Does one create a virtual machine and then install the operating system onto that virtual machine? So I need to either go purchase XP to install on the virtual machine or use the Win2k that I already own.
How bad is the performance hit? Do you have to have drivers for the virtual machine OS that support the actual hardware or does it use the existing Vista drivers?
I'm excited. Perhaps I can continue to use some of my old engineering tools without rewriting them all.
Might be. I certainly won't install Vista or any other Windows, native on the hardware, ever again.
> Does one create a virtual machine and then install the operating system onto that virtual machine? So I need to either go purchase XP to install on the virtual machine or use the Win2k that I already own.

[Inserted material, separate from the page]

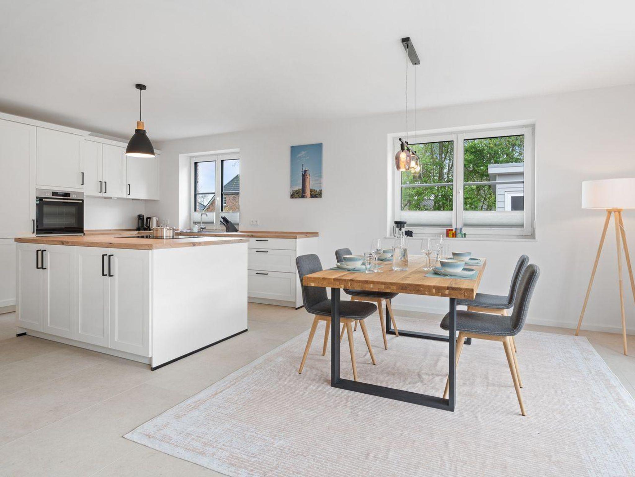 Das Herzstück der Unterkunft ist die offene Küche, die harmonisch mit dem Wohnzimmer verbunden ist und zum gemeinsamen Kochen und Entspannen einlädt. Die moderne Küche ist mit einem Induktionsherd, Backofen, Kühlschrank mit Gefrierfach und Geschirrspüler ausgestattet. Ein Wasserkocher und eine Kaffeemaschine sorgen für den perfekten Start in den Tag

Correct. One creates a VM, using VMware's tools, and then boot that just like you'd boot a desktop with a blank hard drive. Insert your OS CD and install just like on a desktop.
>How bad is the performance hit?
Unnoticeable in general, because it's running in native x86 code. There may be a small hit for access to virtualized peripherals, but I haven't seen anything more than 5% or so even at the worst.
> Do you have to have drivers for the virtual machine OS that support the actual hardware or does it use the existing Vista drivers?
I don't know about Vista as a guest, haven't done that one yet. But in general, the hardware is virtualized by the host VMware software, so that the guest OS only sees what it is shown by VMware's layer.
There's a "VMware Tools" package that installs into the guest OS that takes care of a lot of handy things like dynamic resizing of the desktop space, etc.
> I'm excited. Perhaps I can continue to use some of my old engineering tools without rewriting them all.
That's a good thought. I'm a happy VMware customer, but as others have pointed out, there are competing products worth checking out too.